Сердце билось у Хаффа в горле, когда вслед за отцом он подошел к окну. Возле лачуги остановилась блестящая черно-белая машина с красно-синим фонарем на крыше. Рядом с полицейским сидел мистер Хамфри. Они вышли из машины и направились к хибарке. Полицейский похлопывал дубинкой по широкой крепкой ладони.

Отец велел Хаффу оставаться в доме, а сам вышел навстречу приехавшим.

— Добрый вечер, мистер Хамфри.

— Мне не нужны от тебя неприятности.

— Простите, сэр?

— Давай сюда.

— Что дать, мистер Хамфри?

— Не придуривайся, парень! — рявкнул полицейский. — Мистер Хамфри знает, что ты ее взял.

— Я ничего не брал.

— Ты ведь знаешь, что я держу наличные в коробке из-под сигар.

— Да, сэр.

— Так вот, эта коробка пропала.

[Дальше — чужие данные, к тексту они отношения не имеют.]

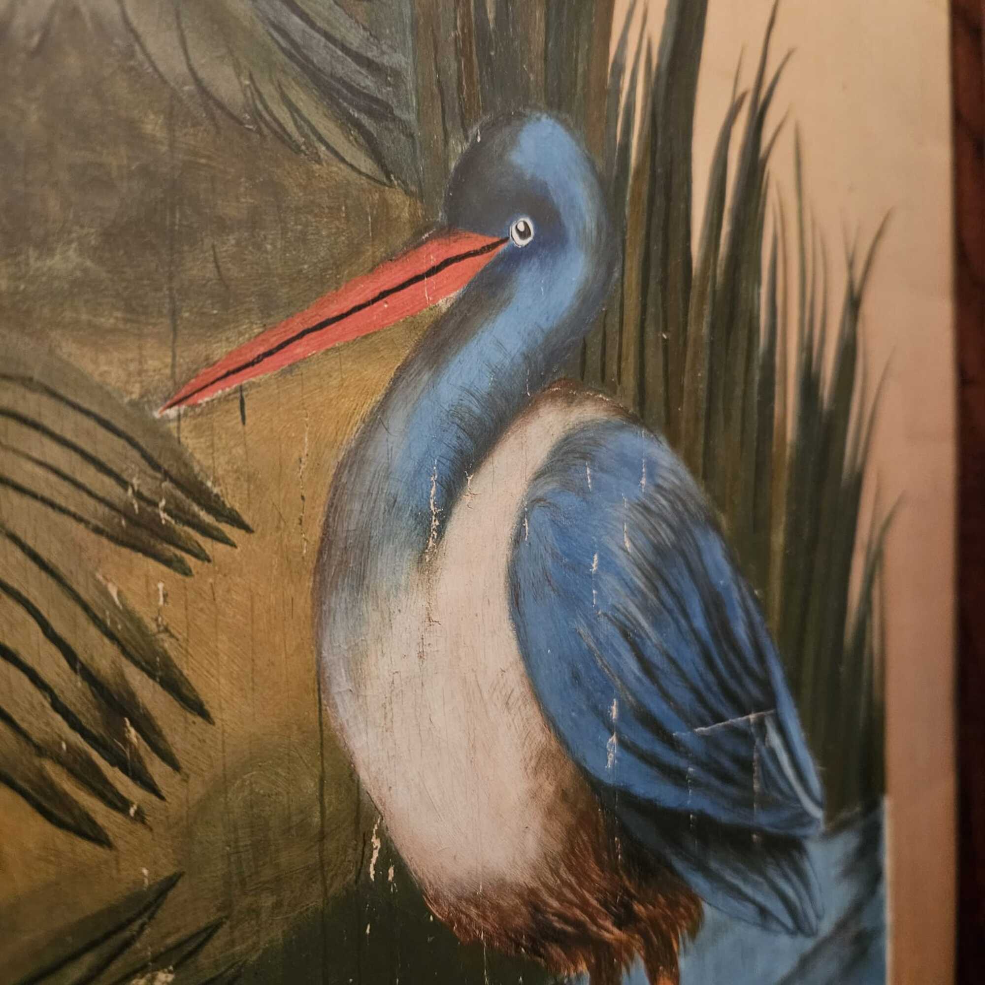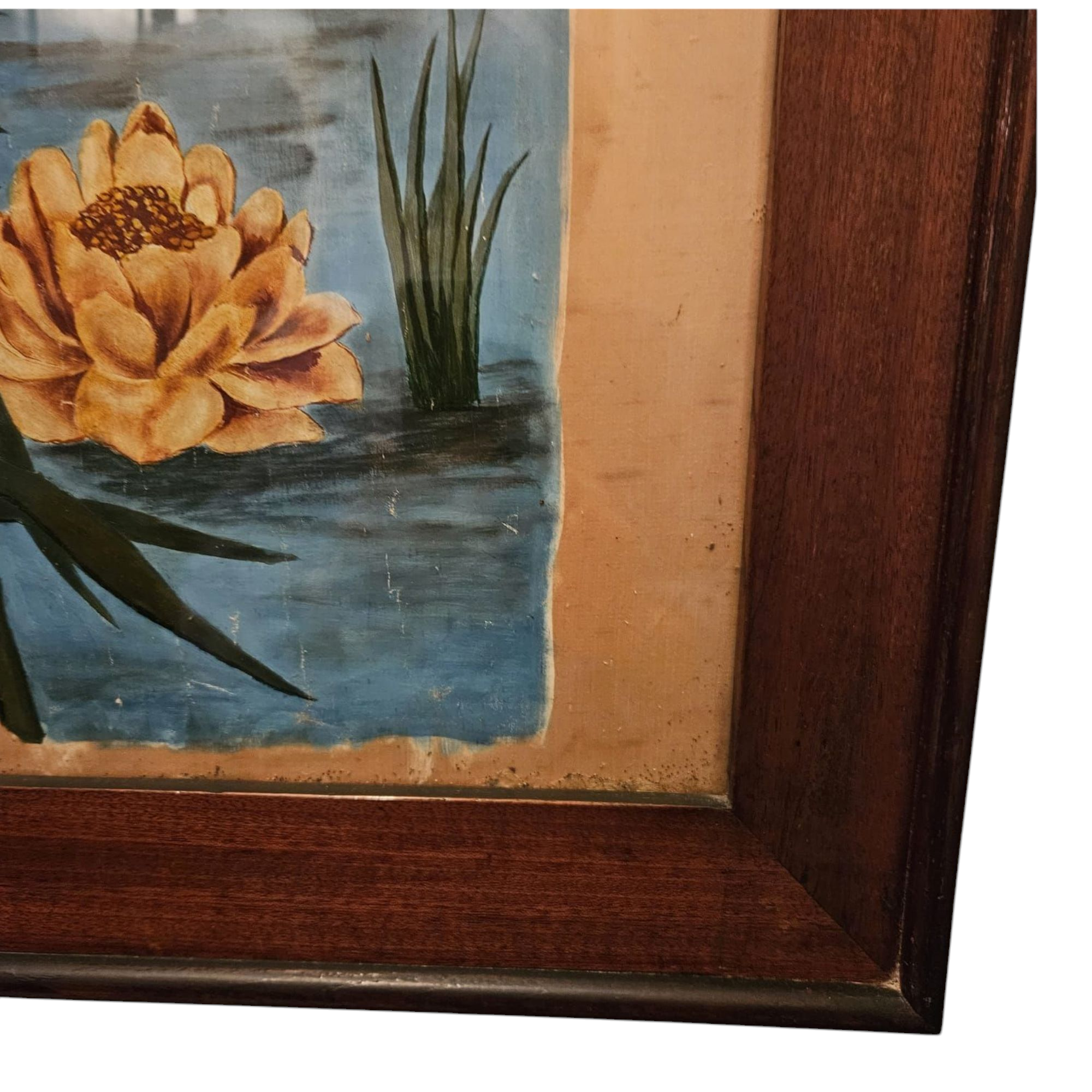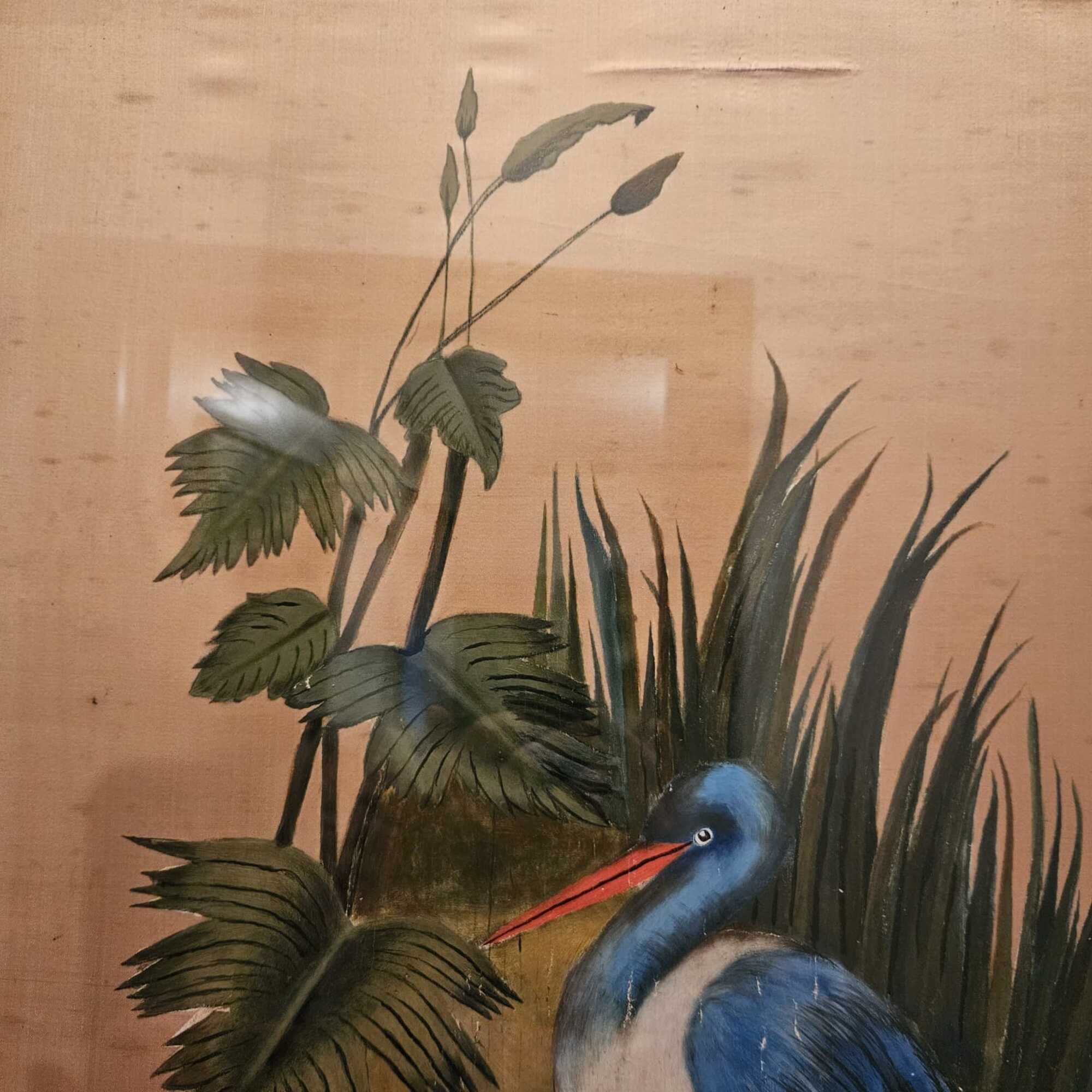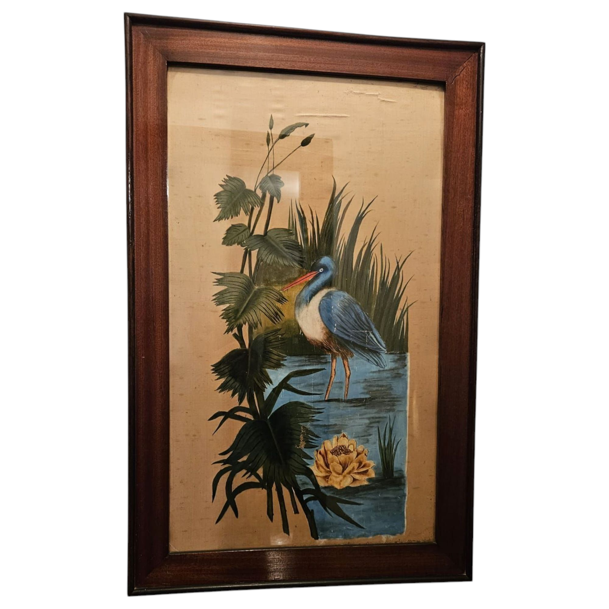 Seda pintada enmarcada con marco de caoba. Pequeños desperfectos en el marco que por su calidad merecen la pena restaurar.
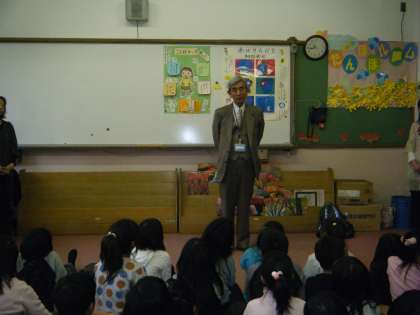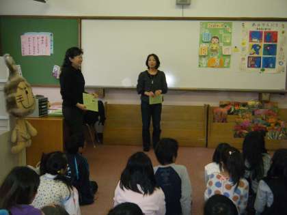 スタッフの先生方から教室での約束ごとをお聞きしました。そして、「教室に来るときには、元気なあいさつをしましょう。」と約束もしました。

Кто, кроме тебя, мог ее взять?

— Я не знаю, сэр, только я не брал.

— Ты тупой ублюдок, белая рвань, думаешь, я тебе поверю?

Хафф высунулся в окно и перевесился через подоконник. Лицо мистера Хамфри побагровело. Полицейский улыбался, только улыбка была неприятной. Он передал дубинку мистеру Хамфри.

— Может, это поможет ему вспомнить?

— Мистер Хамфри, я…

Это все, что успел сказать отец Хаффа до того, как мистер Хамфри ударил его дубинкой. Он попал Хойлу по плечу и, видимо, что-то сломал, потому что отец Хаффа упал на одно колено.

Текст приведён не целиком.